書き置きは一応したが、内容が『迷惑かけてごめんなさい 少しの間一人になりたいので探さないでください 当てはあるので心配しないでください 彩羽』とだけだから余計に心配を掛けさせてしまったかもしれない。
しかし詳しい事は話せず、彩羽は頭を抱えながら携帯を開けば着信の知らせが待ち受け画面に出ていた。
「あれ…電話きてる…」
その知らせを見れば兄の名前がズラリと並んでいた。
とは言え、この携帯には兄の番号とこの家の番号しか入っていないし、こちらに電話するのは兄しかいないため着信は兄の名前しか並んでいないのだが。
しかし日付を見れば昨日電話が着ていたのは分かり、彩羽はすぐに掛け直した。
≪おはよう、日和≫
着信の登録名から妹と分かったのか名前を呼ばれ、一瞬言葉を詰まらせたがすぐに挨拶を返す。
「ごめんね、昨日寝てて出れなかったみたい」
≪いや、いいんだ…昨日は大変だったみたいだしね≫
兄の声に彩羽は安堵した。
彩羽は自分が思っていた以上に寂しがり屋だったみたいで、自分から家を出て行ったのに、春恵達もいたのに、独りぼっちのような感覚に襲われていた。

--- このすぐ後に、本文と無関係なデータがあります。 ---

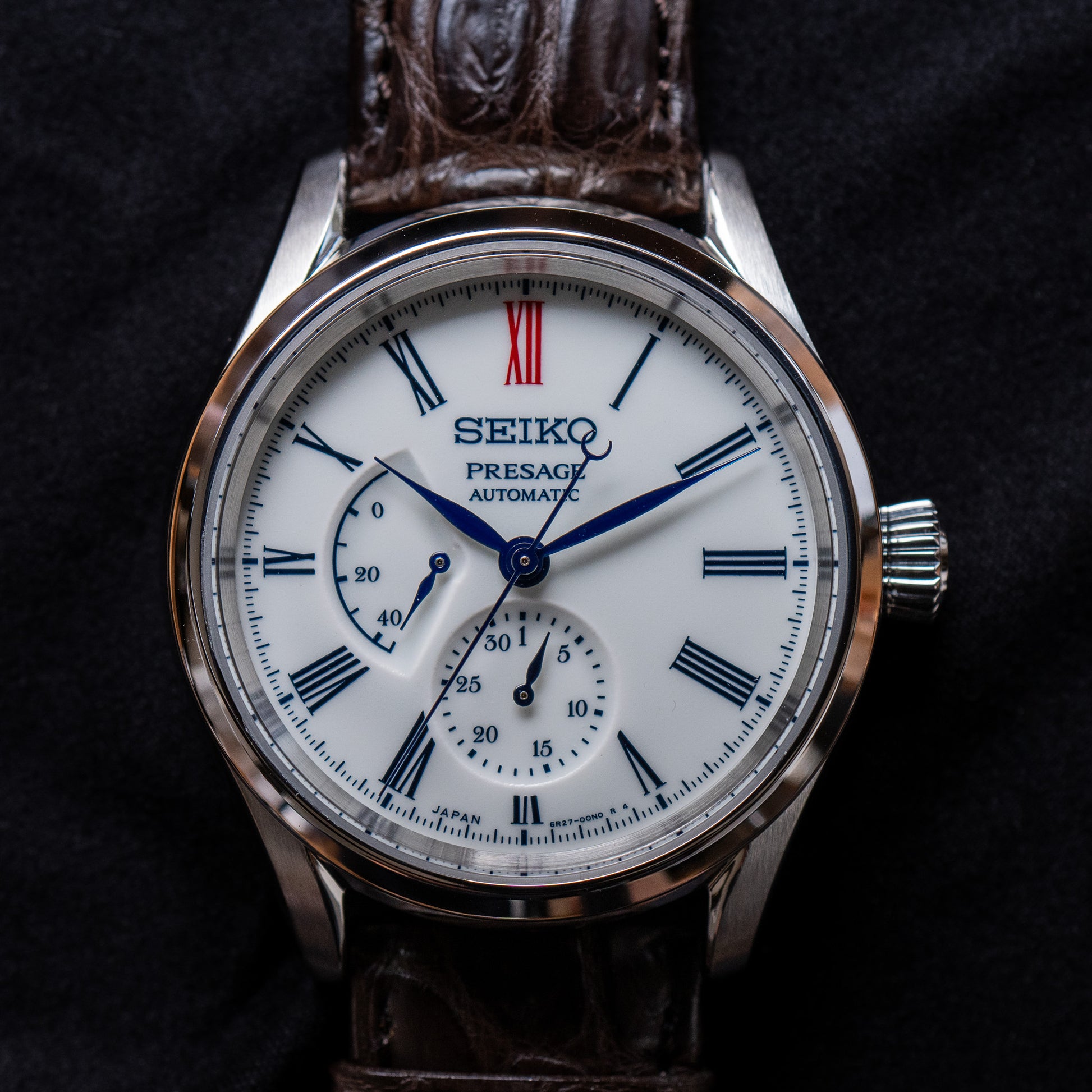 The Movement. Inside is a 6R27, which is a hi-beat upgrade to the more standard Presage 6R15 movement. With 28,888 bph, 29 jewels, and the circular day complication with power reserve.

それをずっと気のせいにしていたが、兄の声にやっと安心できた。
安堵の息を吐く妹に兄――高遠は優しい声で話す。
≪彼らから聞いた…怪盗キッドを匿ったんだって?≫
「う、うん…ごめんね、勝手に…」
≪謝る必要はないさ…何度も言うがあの家は土地含めて日和の所有物なんだ…怪盗キッドを匿うのも日和がそう望んで決めたのなら好きにするといい≫
兄は友成からキッドを匿った事を聞き心配になって電話してきたのだという。
彩羽は兄の声に安心して気が弱くなったのかじわりと目に涙が溜まっていく。
瞬きをすると瞳から雫が零れた。
≪日和…すぐにそちらに向かうから…それまで我慢できるかい?≫
妹の震える吐息に気付き、高遠は彩羽が泣いていると気づく。
優しい兄の声とその言葉に彩羽は言葉を詰まらせながら何度も頷いた。
声にして返したいけど言葉が詰まって出てこない。
しかし高遠にはちゃんと伝わっていた。
≪日和…怪盗キッドは人を殺すことはない…しかし、だからといって気を許してはいけないよ≫
そう言って兄は電話を切った。
後ろから声がしたので依頼人かパトロンだろう。
兄が帰ってきてくれると思い安心したからか、彩羽は冷静になりつつあった。
「ごめんなさい、依頼人またはパトロンの人…」
兄の仕事の邪魔をしてしまったというのも申し訳なく思い、兄を頼って依頼したはずの人にも申し訳なく思い、畳んだ携帯を挟むように手を当てて謝った。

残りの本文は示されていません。